Yes, I know its very aggravating. Have you considered the possibility that your solicitor is correct and that you are tied into the Contract? And probably have to complete? 

mf


----------



## rmelly (19 Feb 2008)

mf1 said:


> "what are my options for taking them to court if they refuse to refund my deposit?"
> 
> "dont really need the aggravation of it all "
> 
> ...


 
Slightly unfair comment I would have said, given that it's now 47 months later and presumably the apartment isn't ready? How long is he expected to wait 200 months?



> that they had 30 months from signing of contract to complete


 
and if they don't complete in this time frame?


----------



## foxylady (19 Feb 2008)

hotspur said:


> I bought an apartment in spencer dock in march 2004 and in the contract the builder had 30 months to complete-i am now trying to back out of buying as my situation has changed. however the builder is disputing this and my slolicitor says that they are allowed reasonable time for over running. is this correct. what are my options for taking them to court if they refuse to refund my deposit?


 
Thats absolutely outrageous. I mean who exactly determins what is a reasonable time frame. There has to be something done about these crooks as otherwise as pointed out you can be tied to them forever. Contracts should be designed to protect both parties as oppose to carte blanche for the greedy builders


----------



## mf1 (19 Feb 2008)

"I mean who exactly determines what is a reasonable time frame. "

Presumably a Court? None of us know the reasons for the over run. Perhaps if the OP were to advise? 

"There has to be something done about these crooks as otherwise as pointed out you can be tied to them forever."

Crooks? You know this ? 

"Contracts should be designed to protect both parties as oppose to carte blanche for the greedy builders"

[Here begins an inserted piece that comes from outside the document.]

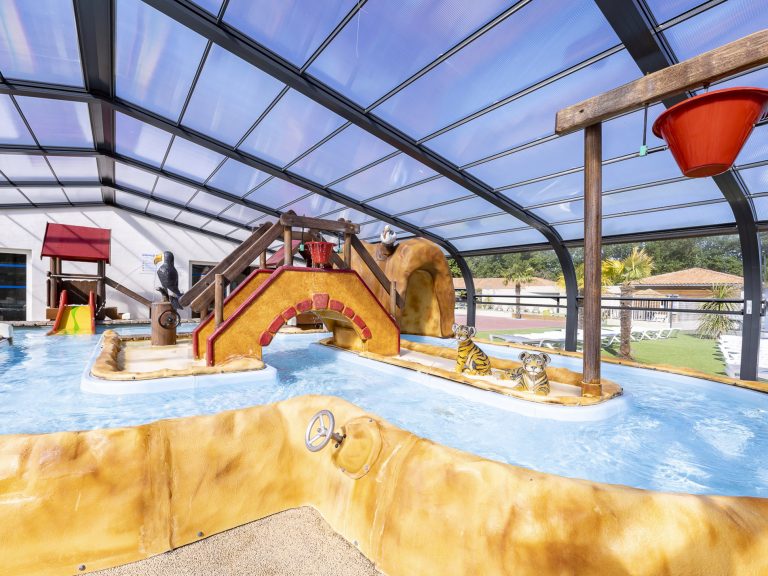 Notre Camping en Vendée avec piscine couverte vous propose un parc aquatique chauffé et accessible à tous. L’accès au parc aquatique complet est inclus dans le prix de vos vacances !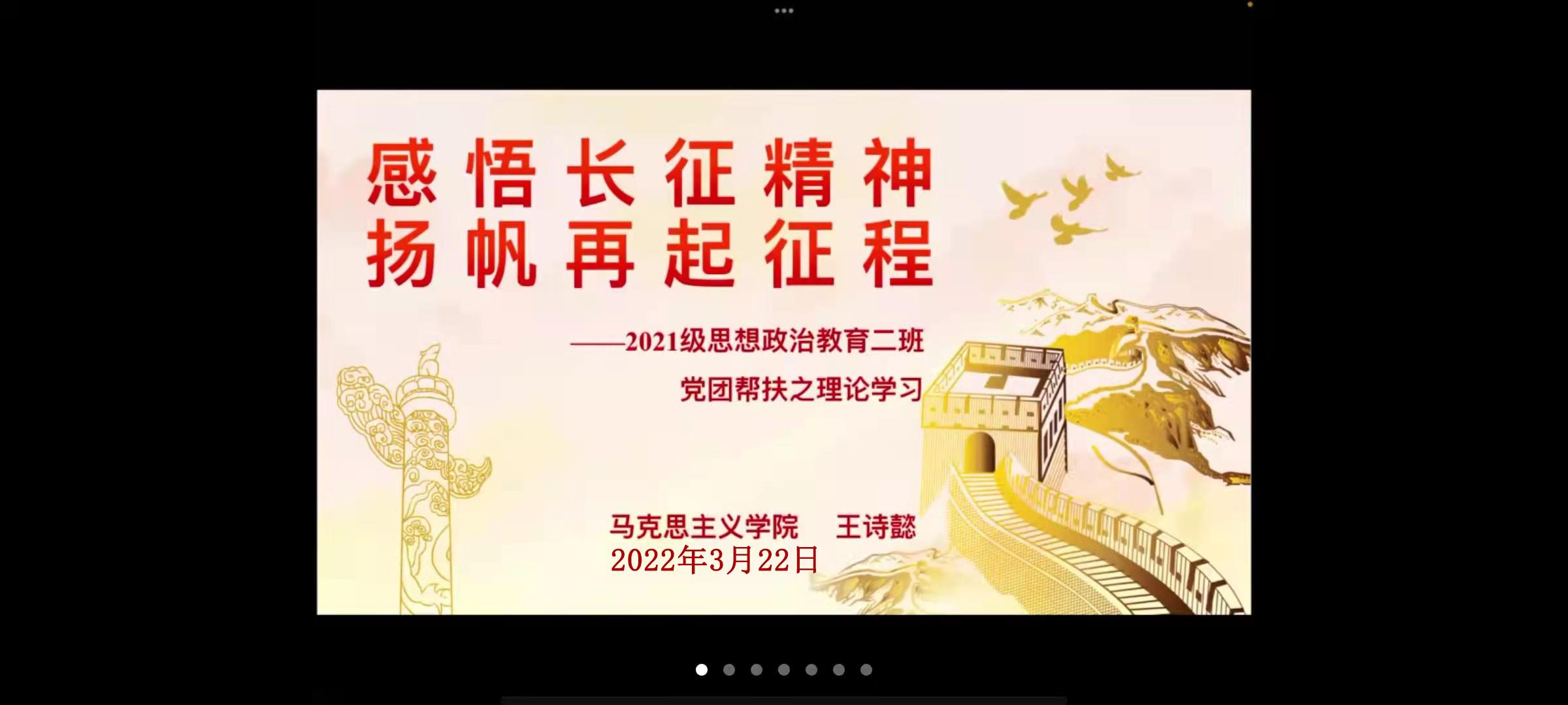 3月22日下午,beat365亚洲版官网2021级思想政治教育二班在腾讯会议举办“感悟长征精神,扬帆再起征程”党团帮扶之理论学习活动。2019级思想政治教育一班预备党员王诗懿、赵佳莹以及2021级思想政治教育二班全体团员参与此次活动,活动由团支书王婧欣主持。

Sorry? Wide sweeping statement or what? OP signs up to something. Difficulties arise - we don't know what they are. OP admits he wants to back out as his situation has changed. His solicitor advises that a "reasonable" period of over run would be acceptable. Since we don't know the reasons for any over run and what, if any, promises/warranties/subsequent agreements were made..............


mf

PS - in the absence of ClubMan, I feel duty bound to play Devils Advocate!!!


----------



## mercman (19 Feb 2008)

If the market wasn't drifting, I would bet you would be very happy to have contracts exchanged.The developers are the big boys of the industry and I can't see them willing to allow purchasers walk away. Saying that it is one of the few apartment developments, I would actually buy into at the moment.


----------



## hotspur (20 Feb 2008)

*Moderator note: *insulting post in breach of the posting guidelines removed and infraction issued.


----------



## mercman (20 Feb 2008)

You are the one that wanted an opinion. You got it and now I'm an idiot. Lose your shirt I don't care.


----------



## Galwayboy (20 Feb 2008)

Alittle unfair of a comment. We all love it when we buy off plans,the price goes up, we still havent paid for the apartment. When its finally completed and its time to pay and its gone up by say 30% then its great. But as soon as the market starts to go the other way you become sour and want out without any penalty. I think you will probadly find that the developers have themselves well covered here. As a matter of interest I also bought in this development in Nov 2002 and its just been completed. Sure I would have loved to have had it 2 years ago and sold it at a nice profit, but hey you got to take the good with the bad.


----------



## ontour (20 Feb 2008)

Given that some people bought in to this scheme up to 6 years ago, has anyone tracked the asking prices of similar apartments in the development over that period. I would be very interested if someone had that information to share.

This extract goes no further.